In this work, we more specifically concentrate on the problem of human activity recognition on the Sussex Huawei Locomotion (SHL) dataset.
The dataset is a versatile annotated dataset of modes of locomotion and transportation of mobile users and was recorded over seven months by 3 participants engaging in 8 different modes of transportation in a real-life setting in the United Kingdom: standing or sitting (still), walking, run, bike, car, bus, train, and subway.
Based on our experiences in similar cases, learning separable spaces between groups of classes (concepts) is easier than learning each class alone.
For example, it is easier to learn groups of activities related to the body movements group (running, walking) versus the” on-wheels” activities group (bicycling, driving a car) first.
Later we concentrate on each group separately and learn more specific classes inside each of these groups.
An intuitive approach is to compute all the combinations of the hierarchical form and choose the one with the best performance. However, the theoretical analysis proposed by this paper shows a high complexity for finding an exact solution.

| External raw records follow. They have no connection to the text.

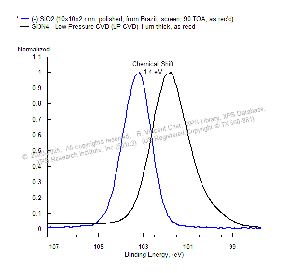 Si (2p) Spectra – Overlay of SiO2 and Si3N4
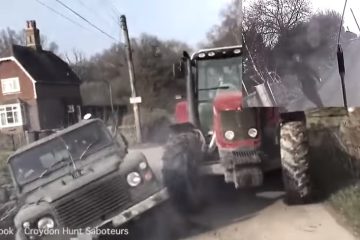 Traktor rammt Land Rover weg von der Straße und in Graben
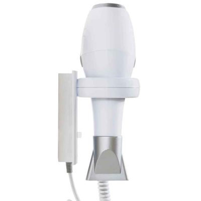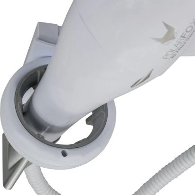 Polarfox hotel hajszárító, beledugós fali konzollal, króm-fehér burkolat, ionzáló technológiával, 3 hőmérséklet állítás, hideg levegő fújás, 60cm hosszú kábel, hordozó zsákkal. 1875W teljesítmény, 72 dB hangerősség.
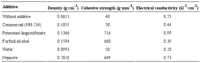 González et al. (2003) used nejayote as an agglutinant to form carbon black (CB) agglomerates. They analyzed the properties presented by CB using the effluent and other additives (water, furfuryl alcohol [FA] and potassium lingosulfonate [PLS]). Their results showed that nejayote pellets have cohesive strength similar to that of pellets generated with commercial additives, and electrical conductivity exceeding that of pellets manufactured with FA and very similar to PLS ones (Table 4). This shows that despite being a waste material, nejayote can be used as an agglutinant not only of CB, but also of other materials with applications in the wiring or insulator industries. In this regard, its use as an input represents an interesting application in the polymer industry.
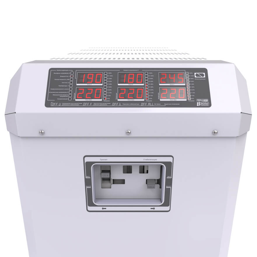 Стабилизатор напряжения Вольт Engineering Герц Про Э 16-3/125 предназначен для устранения скачков и просадок напряжения в бытовых и промышленных трехфазных электросетях. Стабилизатор является двухрежимным и в зависимости от выбранного режима работы может стабилизировать либо линейное напряжение 380/400В (для промышленности), либо фазное 220/230В на каждой фазе независимо (используются в быту).
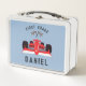 Cette lunchbox est super sucrée et un beau choix pour les petits amateurs de course automobile dans votre vie. Le texte qui s'affiche sur le devant et le dos peut être modifié pour vous permettre de conserver le "PREMIER GRADE" tel quel ou de le modifier, puis d'inclure le nom de votre petit ou tout autre choix de texte. Le design comporte une voiture de course rouge avec un drapeau à damiers et l'arrière - plan est un bleu doux.
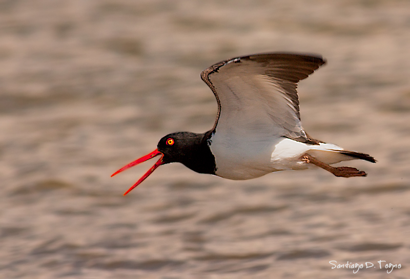 Tremenda foto del vuelo del Ostrero, en el momento del grito y con un ojo hermoso.
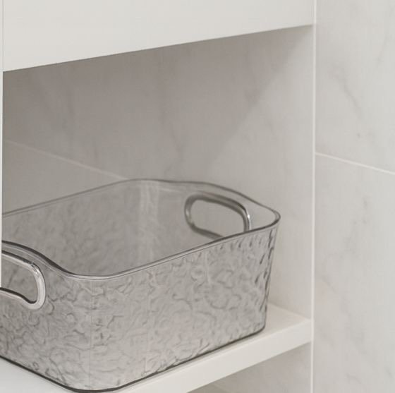 Ideal para organizar cremas, perfumes, cosméticos, toallas pequeñas y accesorios diarios, mantiene todo en su lugar con una estética moderna y elegante que combina perfectamente con el resto de la línea.
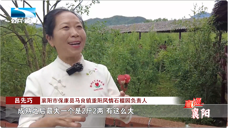 襄阳市保康县马良镇重阳风情石榴园负责人 吕先巧:“突尼斯软籽石榴,它口感好,甜,籽都可以吞,不用吐籽,成熟之后最大一个是2斤2两,有这么大,像吃饭的大碗那么大 。”
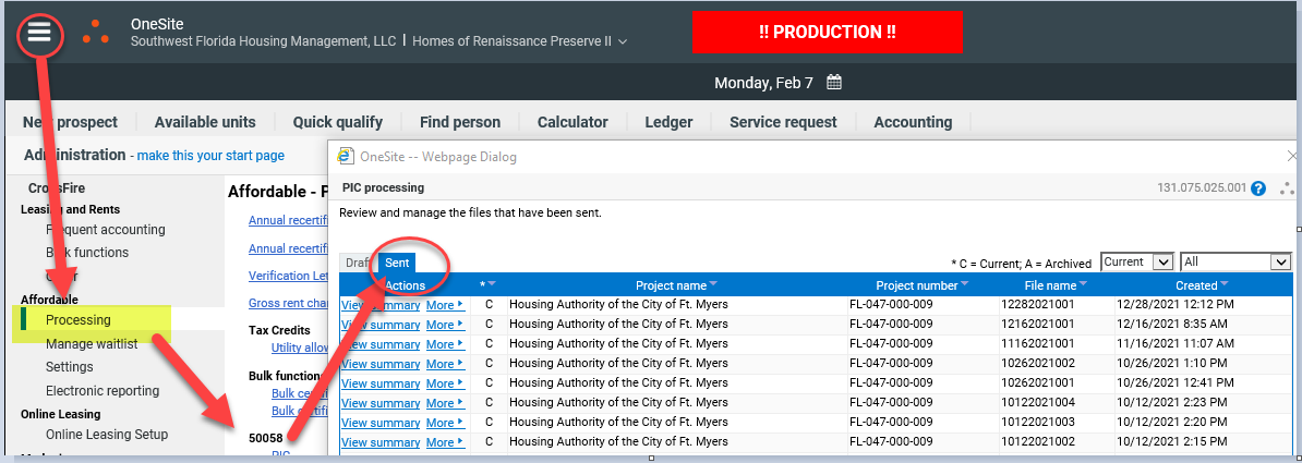 You can also see files that had been sent previously. When you are on PIC processing, there is a sent tab. This will show all files that have been created.
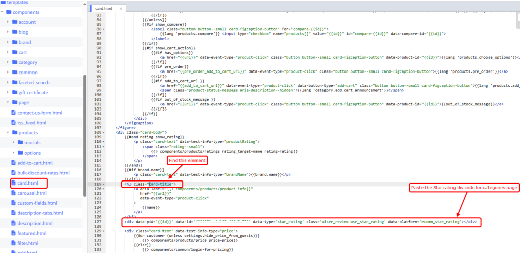 • Click Templates > Components > Products, then open file card.html. If you don’t have this file, search for the file that contains your Category Pages data (You can find it by searching for it using CTRL+F & search for “card-title” element
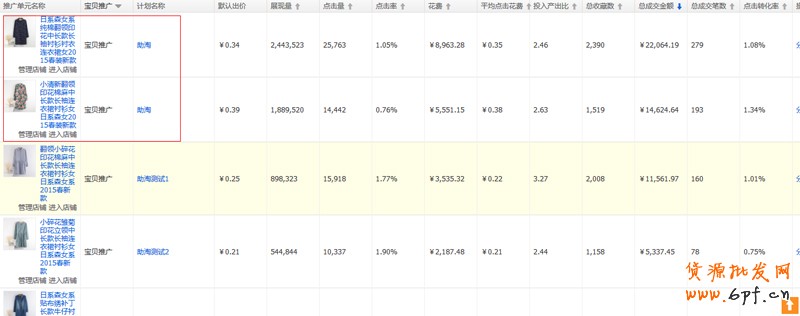 首先,店鋪推廣主要也能夠起到鋪詞,低價引流的效果,所以我們前期測試店鋪推廣圖片的時候,一點擊率高的為主,首次嘗試選用的是直通車單品測試下來點擊率高的幾款寶貝做的推廣圖片。
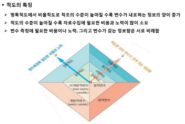 카드값 사용량을 물어보는 경우 명목척도는 카드를 쓰냐 안쓰냐의 차이기 때문에 정보의 양이 적다. 응답자 기준에서 카드사용량을 물어보았을 때 가장 정보의 양이 많은 것은 비율척도이다. 괄호를 두고 몇만원 쓴다 라고 물어볼 수 있어 0만원 부터 1000만원 이상의 다양한 응답이 나올 수 있기 때문이다. 명목, 서열, 등간, 비율 순으로 정보의 양이 점점 커진다고 보면 된다. 서베이를 맡기게 되면 비율척도의 비용이 가장 비싸다. 따라서 많은 분석을 할 수 있다. 만약, 서열척도로 조사를 했으나 나름의 가중치를 부여해 등간척도로 바꾸면 그 데이터는 신뢰할 수 없다.
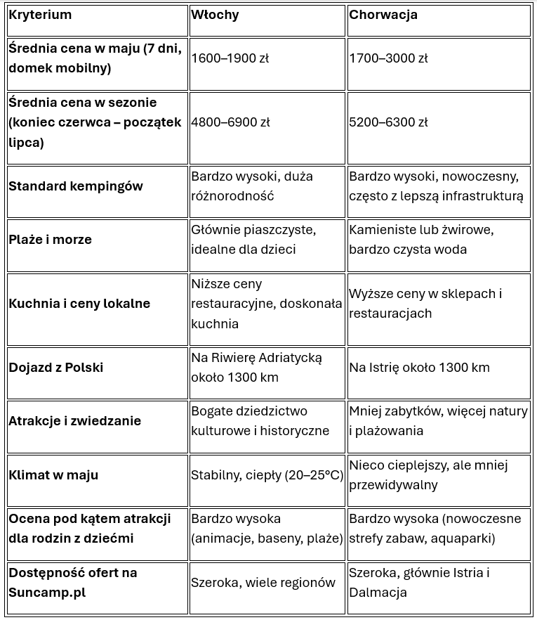 Porównanie: Włochy vs Chorwacja (na podstawie danych Suncamp.pl)

A new approach to perform classification
For this reason, this paper proposes an original approach based on the association of clustering and classification approaches to overcome this limitation.
It presents a better approach to learning the concepts by grouping classes in a recursive manner rather than class by class approach.
It also introduces an effective greedy algorithm and two theoretical measures (namely cohesion and dispersion) to evaluate the connection between the clusters and the classes. Extensive experiments on the Sussex Huawei Locomotion (SHL) dataset show that this approach improves classification performances while reducing the number of instances used to learn each concept.